The real miracle here is that she can insist on covering when he forgets his wallet, even though they tell her that she’s not supposed to have money, it’s not feminine, and any way, women belong at home and in the kitchen. Instead, she takes pride in her independence, and can spring for two slices of pizza.

The real miracle here is that he still has the courage to text her afterwards, even though they tell him that the size of his male instrument is proportional to the number of zeros on his bank account.
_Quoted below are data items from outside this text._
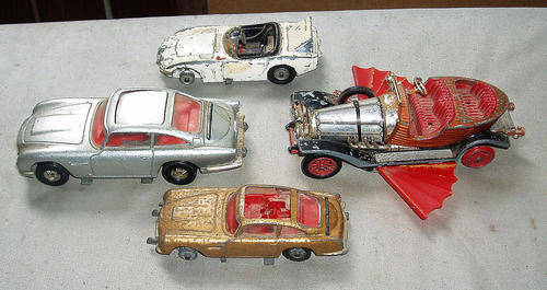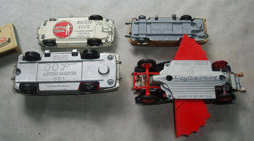 ITEM DESCRIPTION.........OFFERED FOR AUCTION....4 VINTAGE CORGI TOY VEHICLES IN PLAYED WITH CONDITION. AN INTERESTING LOT FOR SPARES OR RESTORATION. COMPRISING KING SIZE CORGI 007 METALIC SILVER JAMES BOND ASTON MARTIN....THIS IS THE MOST COMPLETE CAR IN THE BEST CONDITION OF THE FOUR.....ORIGINAL PAINT, TYRES AND ACCESSORIES....A COUPLE OF MINOR DEFECTS, GUNS IN FRONT STUCK, PASSENGER FIGURE AND SEAT MISSING FROM PUSH UP ACTION, KIDS ALWAYS LOOSE THIS PIECE.....NO MAJOR DAMAGES TO THIS CAR, NO BROKEN WINDOWS. THERE ARE TWO OTHER JAMES BOND CARS, A SMALLER CORGI ASTON MARTIN IN METALIC GOLD AND A LATER TOYOTA 2000GT, BOTH OF THESE ARE IN VARIOUS FORMS OF DISTRESS, BUT COMPLETE BODIES, PERFECT FOR RESTORATION. LASTLY IS A RARE CORGI CHITTY CHITTY BANG BANG CAR IN DISTRESSED PLAYED WITH CONDITION, BUT STILL INTACT, SOME MINOR DAMAGES....ALL STANDARD CORGI SIZES (SEE MATCHBOX FOR COMPARISON). THERE ARE A FEW PLASTIC TYRES MISSING, PAINT SCUFFS AND A FEW OTHER MINOR ISSUES...SOLD AS IS.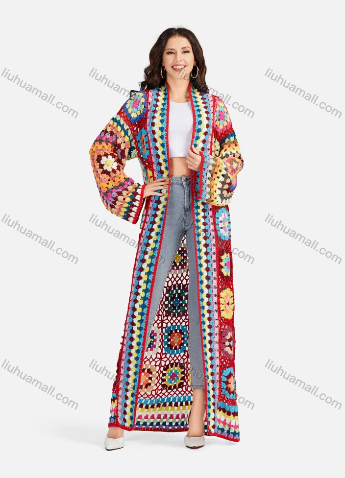 Wholesale Women's Casual Long Sleeve Open Front Floral Crochet Long Cardigan A497#
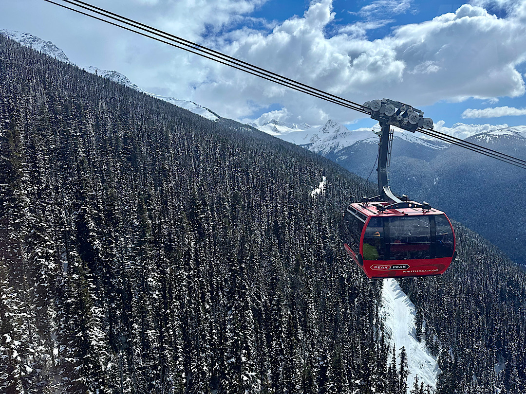 Das Skigebiet erstreckt sich über mehrere Berge. Die beiden gegenüberliegenden Spitzen von Blackcomb und Whistler sind dabei auf 4,4 Kilometer Luftlinie durch die spektakuläre „Peak 2 Peak Gondola“ mit nur 36 m Höhenunterschied verbunden. Dabei gibt es auf jeder Seite nur zwei Seilbahnstützen, dazwischen erstreckt sich ein freie Spannweite von über 3 Kilometern. In dieser Disziplin wird sie weltweit nur von der Seilbahn Zugspitze knapp übertroffen, die aber schräg den Berg hinauf führt.

Instead, he takes it as an opportunity to ask her out again.

The real miracle here is that she will respond instantly, even though they tell her that she should wait and not look so desparate. Instead, they have a conversation that lasts until the sun comes up – the first of many.

The real miracle here is that he will continue to be fascinated with her, even though they tell him that women are a game, and he’s already scored with this one. Instead, he discovers his inspiration that will last a lifetime.

The real miracle here is that she has the courage to tell him about her older sister, who couldn’t stop listening to what they said, even though they said it was her own fault, that she took her own life. Instead, she finally finds peace for a little while.

The real miracle here is that he reaches across to take her hand, even though they tell him that he is not supposed to feel, that his heart is stone. Instead, it aches for the girl who lost her hero.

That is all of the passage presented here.